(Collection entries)
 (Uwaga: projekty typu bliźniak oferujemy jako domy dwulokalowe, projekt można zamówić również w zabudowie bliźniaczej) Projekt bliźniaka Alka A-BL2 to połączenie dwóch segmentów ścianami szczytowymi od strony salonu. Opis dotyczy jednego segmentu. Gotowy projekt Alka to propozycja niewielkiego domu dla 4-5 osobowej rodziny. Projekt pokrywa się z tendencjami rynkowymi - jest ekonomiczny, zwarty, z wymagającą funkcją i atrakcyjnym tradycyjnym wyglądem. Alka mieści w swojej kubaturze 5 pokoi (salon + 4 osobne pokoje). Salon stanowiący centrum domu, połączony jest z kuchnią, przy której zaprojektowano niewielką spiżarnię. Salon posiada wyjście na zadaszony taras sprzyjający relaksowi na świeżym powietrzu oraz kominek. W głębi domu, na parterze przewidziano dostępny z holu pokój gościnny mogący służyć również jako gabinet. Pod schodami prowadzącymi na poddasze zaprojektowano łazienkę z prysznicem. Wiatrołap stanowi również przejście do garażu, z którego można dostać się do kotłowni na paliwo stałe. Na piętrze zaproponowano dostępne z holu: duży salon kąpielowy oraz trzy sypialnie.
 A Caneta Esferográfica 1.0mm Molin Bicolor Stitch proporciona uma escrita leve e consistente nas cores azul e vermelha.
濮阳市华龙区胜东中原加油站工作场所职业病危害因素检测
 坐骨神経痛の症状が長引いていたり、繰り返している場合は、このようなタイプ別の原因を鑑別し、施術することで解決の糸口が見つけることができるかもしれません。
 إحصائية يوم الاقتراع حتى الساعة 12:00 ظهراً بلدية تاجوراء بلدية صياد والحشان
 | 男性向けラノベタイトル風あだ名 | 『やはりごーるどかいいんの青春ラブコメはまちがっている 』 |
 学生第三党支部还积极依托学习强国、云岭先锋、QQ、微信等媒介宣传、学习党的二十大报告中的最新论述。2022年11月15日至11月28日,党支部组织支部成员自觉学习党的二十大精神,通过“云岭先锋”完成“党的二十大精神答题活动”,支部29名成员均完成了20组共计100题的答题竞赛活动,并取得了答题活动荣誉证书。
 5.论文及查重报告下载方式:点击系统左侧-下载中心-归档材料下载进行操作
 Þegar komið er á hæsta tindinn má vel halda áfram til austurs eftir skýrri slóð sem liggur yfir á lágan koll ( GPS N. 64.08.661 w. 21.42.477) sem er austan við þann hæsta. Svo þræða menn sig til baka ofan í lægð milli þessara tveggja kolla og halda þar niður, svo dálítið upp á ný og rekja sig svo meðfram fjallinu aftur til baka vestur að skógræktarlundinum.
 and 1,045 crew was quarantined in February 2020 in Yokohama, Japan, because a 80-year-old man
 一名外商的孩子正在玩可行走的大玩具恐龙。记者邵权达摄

EXERCISE DESCRIPTION: Please set down each entry again, word for word.

SOLUTION:
 (Uwaga: projekty typu bliźniak oferujemy jako domy dwulokalowe, projekt można zamówić również w zabudowie bliźniaczej) Projekt bliźniaka Alka A-BL2 to połączenie dwóch segmentów ścianami szczytowymi od strony salonu. Opis dotyczy jednego segmentu. Gotowy projekt Alka to propozycja niewielkiego domu dla 4-5 osobowej rodziny. Projekt pokrywa się z tendencjami rynkowymi - jest ekonomiczny, zwarty, z wymagającą funkcją i atrakcyjnym tradycyjnym wyglądem. Alka mieści w swojej kubaturze 5 pokoi (salon + 4 osobne pokoje). Salon stanowiący centrum domu, połączony jest z kuchnią, przy której zaprojektowano niewielką spiżarnię. Salon posiada wyjście na zadaszony taras sprzyjający relaksowi na świeżym powietrzu oraz kominek. W głębi domu, na parterze przewidziano dostępny z holu pokój gościnny mogący służyć również jako gabinet. Pod schodami prowadzącymi na poddasze zaprojektowano łazienkę z prysznicem. Wiatrołap stanowi również przejście do garażu, z którego można dostać się do kotłowni na paliwo stałe. Na piętrze zaproponowano dostępne z holu: duży salon kąpielowy oraz trzy sypialnie.
 A Caneta Esferográfica 1.0mm Molin Bicolor Stitch proporciona uma escrita leve e consistente nas cores azul e vermelha.
濮阳市华龙区胜东中原加油站工作场所职业病危害因素检测
 坐骨神経痛の症状が長引いていたり、繰り返している場合は、このようなタイプ別の原因を鑑別し、施術することで解決の糸口が見つけることができるかもしれません。
 إحصائية يوم الاقتراع حتى الساعة 12:00 ظهراً بلدية تاجوراء بلدية صياد والحشان
 | 男性向けラノベタイトル風あだ名 | 『やはりごーるどかいいんの青春ラブコメはまちがっている 』 |
 学生第三党支部还积极依托学习强国、云岭先锋、QQ、微信等媒介宣传、学习党的二十大报告中的最新论述。2022年11月15日至11月28日,党支部组织支部成员自觉学习党的二十大精神,通过“云岭先锋”完成“党的二十大精神答题活动”,支部29名成员均完成了20组共计100题的答题竞赛活动,并取得了答题活动荣誉证书。
 5.论文及查重报告下载方式:点击系统左侧-下载中心-归档材料下载进行操作
 Þegar komið er á hæsta tindinn má vel halda áfram til austurs eftir skýrri slóð sem liggur yfir á lágan koll ( GPS N. 64.08.661 w. 21.42.477) sem er austan við þann hæsta. Svo þræða menn sig til baka ofan í lægð milli þessara tveggja kolla og halda þar niður, svo dálítið upp á ný og rekja sig svo meðfram fjallinu aftur til baka vestur að skógræktarlundinum.
 and 1,045 crew was quarantined in February 2020 in Yokohama, Japan, because a 80-year-old man
 一名外商的孩子正在玩可行走的大玩具恐龙。记者邵权达摄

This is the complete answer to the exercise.